GPU VRAM management patterns for sharing memory across services (Ollama, Whisper, ComfyUI). OOM retry logic, auto-unload on idle, and service signaling protocol.

install

source · Clone the upstream repo

git clone https://github.com/majiayu000/claude-skill-registry

Claude Code · Install into ~/.claude/skills/

T=$(mktemp -d) && git clone --depth=1 https://github.com/majiayu000/claude-skill-registry "$T" && mkdir -p ~/.claude/skills && cp -r "$T/skills/data/Vram-GPU-OOM-memory-management" ~/.claude/skills/majiayu000-claude-skill-registry-vram-gpu-oom && rm -rf "$T"

manifest: skills/data/Vram-GPU-OOM-memory-management/SKILL.md

GPU OOM Retry Pattern

Simple pattern for sharing GPU memory across multiple services without coordination.

Strategy

All services try to load models normally
Catch OOM errors
Wait 30-60 seconds (for other services to auto-unload)
Retry up to 3 times
Configure all services to unload quickly when idle

Python (PyTorch / Transformers)

import torch
import time

def load_model_with_retry(max_retries=3, retry_delay=30):
    for attempt in range(max_retries):
        try:
            # Your model loading code
            model = MyModel.from_pretrained("model-name")
            model.to("cuda")
            return model

        except RuntimeError as e:
            if "out of memory" in str(e).lower():
                if attempt < max_retries - 1:
                    print(f"OOM on attempt {attempt+1}, waiting {retry_delay}s...")
                    torch.cuda.empty_cache()  # Clean up
                    time.sleep(retry_delay)
                else:
                    raise  # Give up after max retries
            else:
                raise  # Not OOM, raise immediately

ComfyUI / Flux (Python-based)

Add to your workflow/node:

# In your model loading function
import torch
import time

def load_flux_model(path, max_retries=3):
    for attempt in range(max_retries):
        try:
            # Your Flux/ComfyUI loading code
            model = comfy.utils.load_torch_file(path)
            return model
        except RuntimeError as e:
            if "out of memory" in str(e).lower():
                if attempt < max_retries - 1:
                    print(f"GPU busy, retrying in 30s...")
                    torch.cuda.empty_cache()
                    time.sleep(30)
                else:
                    raise
            else:
                raise

Ollama

Ollama already handles this! Just configure quick unloading:

# In /etc/systemd/system/ollama.service.d/override.conf
Environment="OLLAMA_KEEP_ALIVE=30s"

Shell Scripts

For any GPU command:

#!/bin/bash
MAX_RETRIES=3
RETRY_DELAY=30

for i in $(seq 1 $MAX_RETRIES); do
    if your-gpu-command; then
        exit 0
    fi

    if [ $i -lt $MAX_RETRIES ]; then
        echo "GPU busy, retrying in ${RETRY_DELAY}s..."
        sleep $RETRY_DELAY
    fi
done

echo "Failed after $MAX_RETRIES attempts"
exit 1

Service Signaling Protocol (Optional Enhancement)
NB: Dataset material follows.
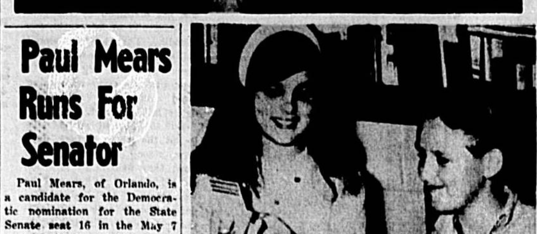
Students in a classroom discussing politics.

In the last week of South Seminole Junior High School in Casselberry there is an unmarked door behind which politics are being discussed in a crowded narrow smoke filled room and active responsible citizens are being appointed.

For better coordination, services can implement these endpoints:

1. Auto-Unload on Idle

Services can automatically unload models after idle timeout:

# FastAPI example
import asyncio
import time

last_request_time = None
auto_unload_minutes = 5  # configurable

async def auto_unload_task():
    """Background task that unloads model after idle timeout."""
    while True:
        await asyncio.sleep(60)  # Check every minute

        if current_handler is None:
            continue

        idle = time.time() - last_request_time
        if idle > (auto_unload_minutes * 60):
            logger.info(f"Auto-unloading model after {idle/60:.1f} minutes")
            current_handler.unload()
            current_handler = None

@app.on_event("startup")
async def startup():
    asyncio.create_task(auto_unload_task())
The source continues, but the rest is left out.